2nd line: For chronic symptoms, start with either a long-acting anti-muscarinic (LAMA) such as tiotropium or a long-acting beta-agonist (LABA) such as salmeterol. LAMAs outperform LABAs (Chen et al. Respirology. 2017). LABA/LAMA combination is associated with a reduced rate of COPD exacerbations annually as compared to LABA/ICS (Wedzicha et al. FLAME investigators. NEJM. 2016). LAMAs have anticholinergic side effects such as dry mouth and urinary retention. Assess for antimuscarinic symptoms (do not add it to the short-acting therapy), and consider switching to a LABA if severe.
3rd line: Consider adding an inhaled corticosteroid (ICS) for moderate/severe COPD, however this should NEVER be prescribed as monotherapy (this is the exact opposite of asthma treatment, in which LABAs should never be as monotherapy and ICS are the cornerstone of therapy). ICS may increase the risk of pneumonia (Cochrane 2014) in COPD, so do not add if exacerbations are not frequent.
Systemic corticosteroids should not be used long-term in COPD as they cause many side effects and there is no evidence they improve symptoms/exacerbations.
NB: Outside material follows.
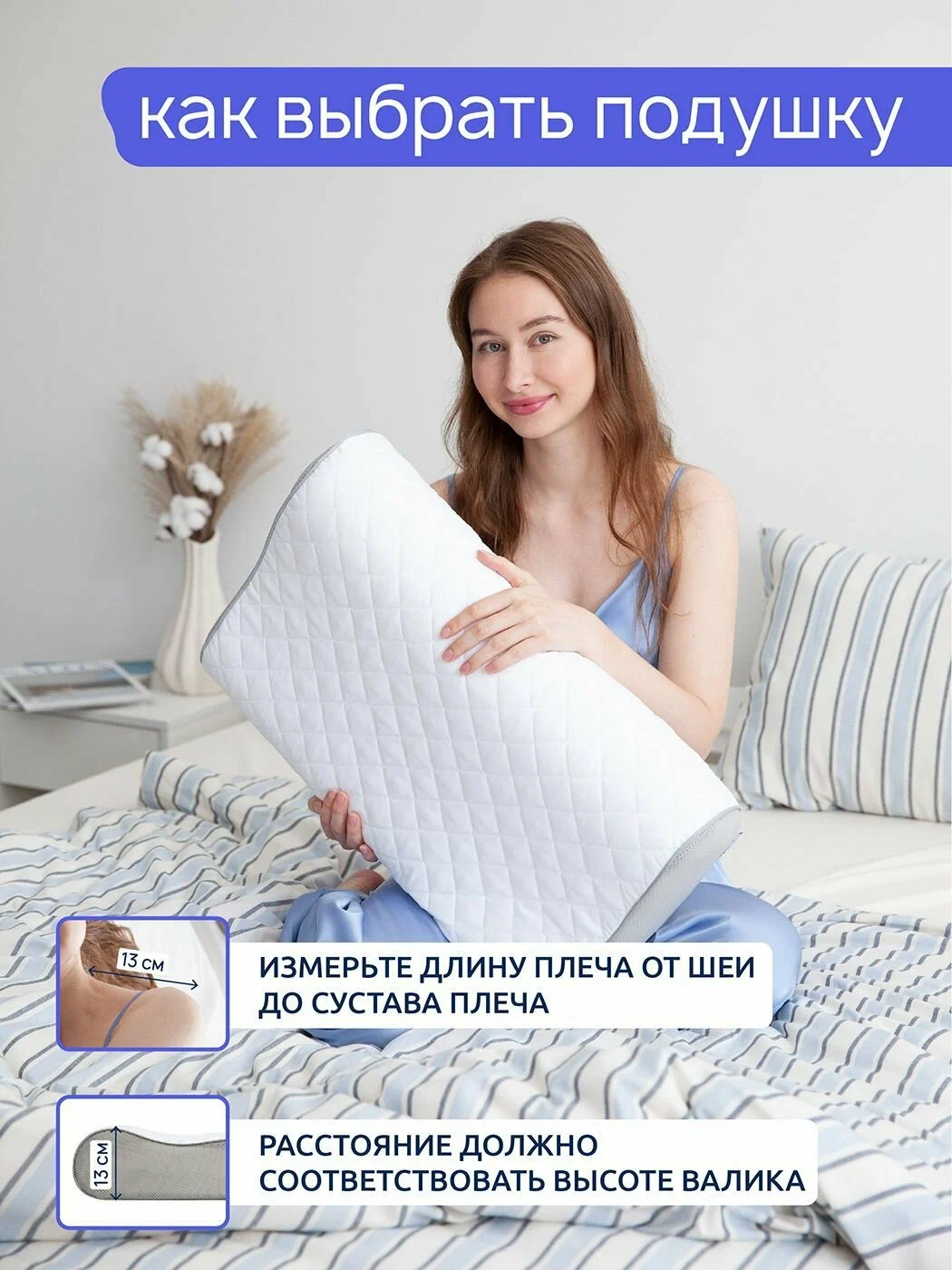 Анатомическая форма с валиками делает акцент на поддержку шеи. Эффект памяти помогает распределить давление и сделать опору более ровной. Высота 13 см — ключевой параметр: подбирайте под ширину плеч и любимую позу. Оптимальные сценарии — сон на боку/спине. Для лучшего результата сочетайте с подходящим матрасом и привычной наволочкой.

Pulmonary rehab can help with symptoms and functional improvement/exercise tolerance (Cochrane 2015). It also reduces hospitalization if patients have had an exacerbation within the last month.
Azithromycin taken chronically (either low-dose daily or three times a week) can reduce exacerbations, but has the risk of adverse cardiac events due to QTc prolongation or ototoxicity (Uzun et al. Lancet Respiratory Medicine. 2014). These patients should have QTc monitoring and audiology follow-up. Azithro in last year reduces exacerbation in asthma too (Gibson et al. Lancet. 2017).
Roflumilast is a selective, long-acting, PDE-4 inhibitor with anti-inflammatory properties which may also be used to reduce exacerbations, but it is often more expensive than azithromycin with the side effect of GI upset. To date, there is no data to support using azithromycin and roflumilast in combination.
COPD Exacerbations (Wedzicha et al. ERJ. 2017)
Work-up for underlying etiology should include an assessment of viral and environmental exposures. Consider pulmonary embolism (PE) as a precipitant of an acute exacerbation (Rizkallah et al. CHEST. 2009).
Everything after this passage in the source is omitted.